Well I got a chance to work on my car this weekend.  I pulled the fuel pump
from the tank again and hooked it up to a inline filter off of one of my
Ghias and ran it from a 5gal tank by passing everything and going directly
in to the fuel distributor, then put the return line in an empty 5gal tank.

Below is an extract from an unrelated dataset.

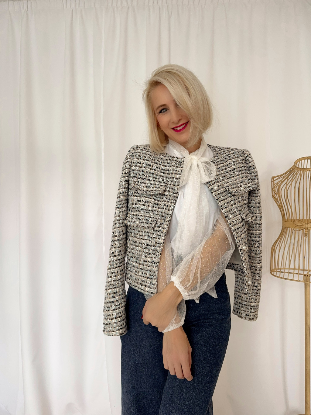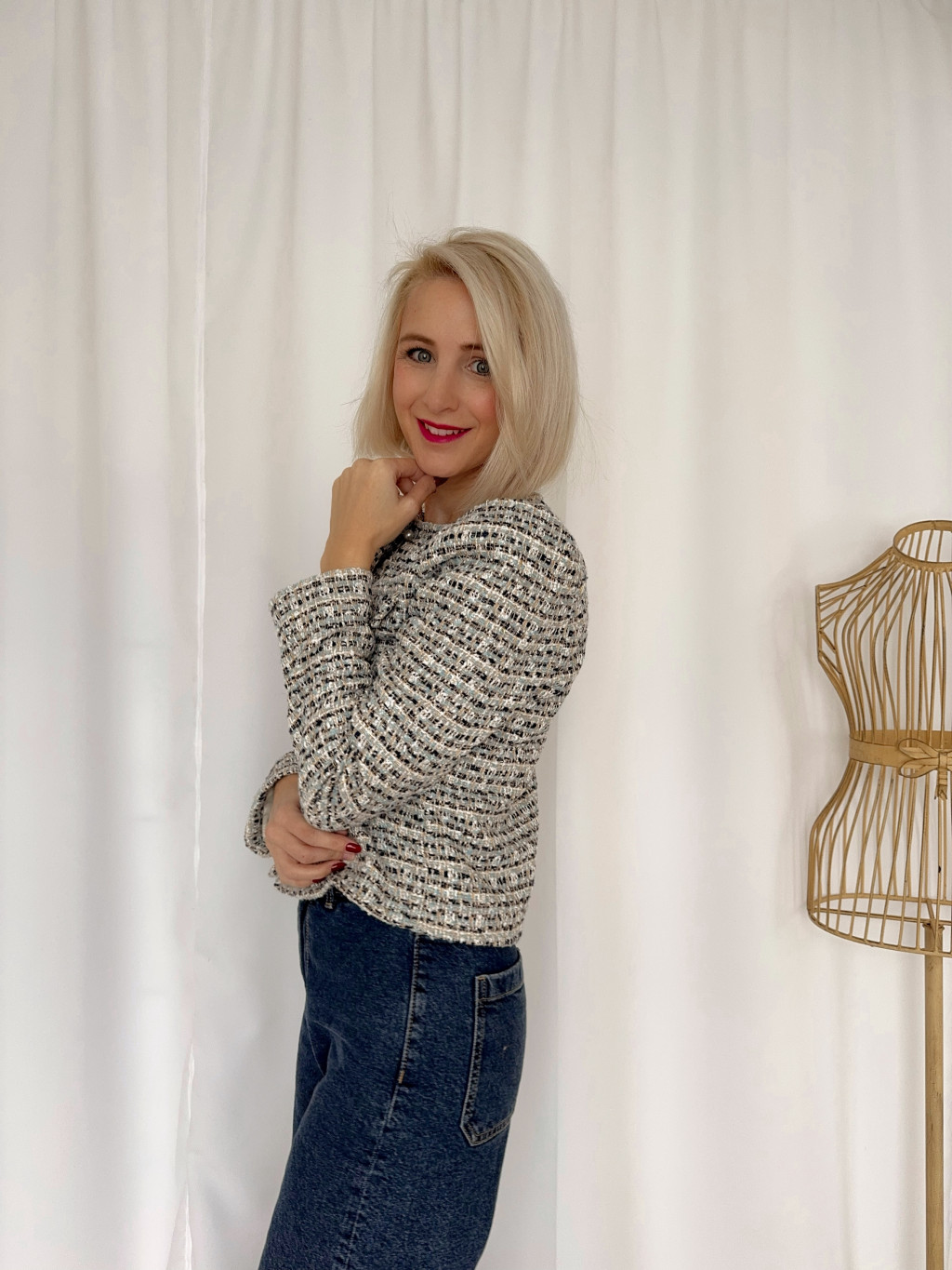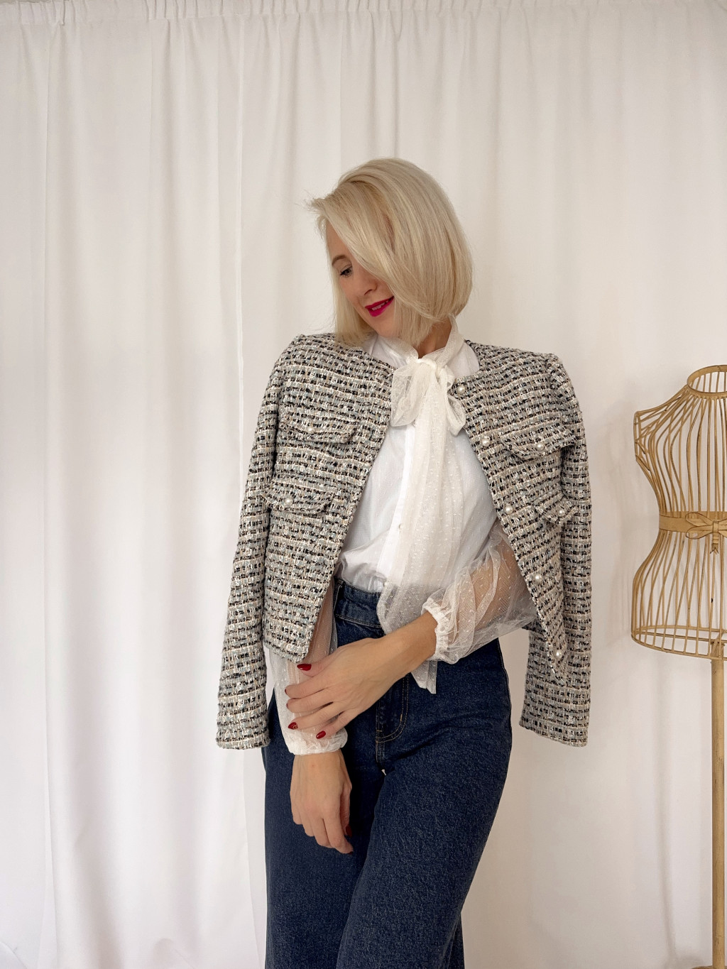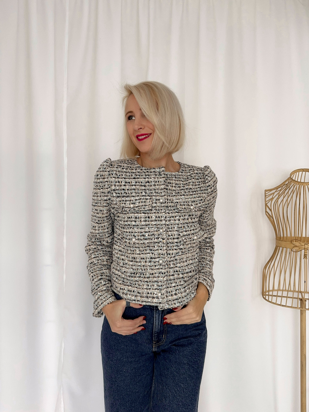 Tipikus francia kis buklé blézer. Csinos, kékes árnyalatú buklé anyagból, gyöngygombokkal a zsebfedőn.

When that did not work I pulled the plug from the FV and checked that for
voltage, it was only getting 4v and if my conversion is correct from the
dwell meter about 1% use.   I pulled the relay and found that the PO had
modified the wiring to bypass the relay...  It turns out that he wired it to
be always on, that explains why he said that battery would be dead if the
car sat for more that 2 weeks.  So it looks like I need a new lambda control
box, or some time to trace out the old one and fix it.   Has anyone
attempted this before?  It looks like a relay easy fix as long as all two if
the IC's are ok.

Thanks for all the ideas.  I'll keep you posted as to what happens.


Andrei Cular

      By Land                         or                       By Sea
1990 Nissan 240sx                              1988 Kawasaki 650sx StandUp
1988 Nissan 300z                                1978 Luhrs 25' Express Deck
1981 DeLorean 2767                           1978 Mako 22' CC
2x 1974 VW Karmann Ghia coups
1972 Supper Beelte
1969 VW Beetle


----- Original Message -----
From: <dherv10_at_dml_aol.com>
To: <dmcnews_at_dml_yahoogroups.com>
Sent: Sunday, January 28, 2001 11:40 PM
Subject: [DML] Re: RE:Engine Problems


> Since the 02 sensor/thru the
> Lambda unit controls mixture by way of the F.V. #2 Then when the
> throttle switch is engaged it overides the 02 sensor to the lambda/
> Frequency Valve to lower the pressure in the lower chamber of the
> fuel distributor, maby that's where the problem.

[snipped by moderator]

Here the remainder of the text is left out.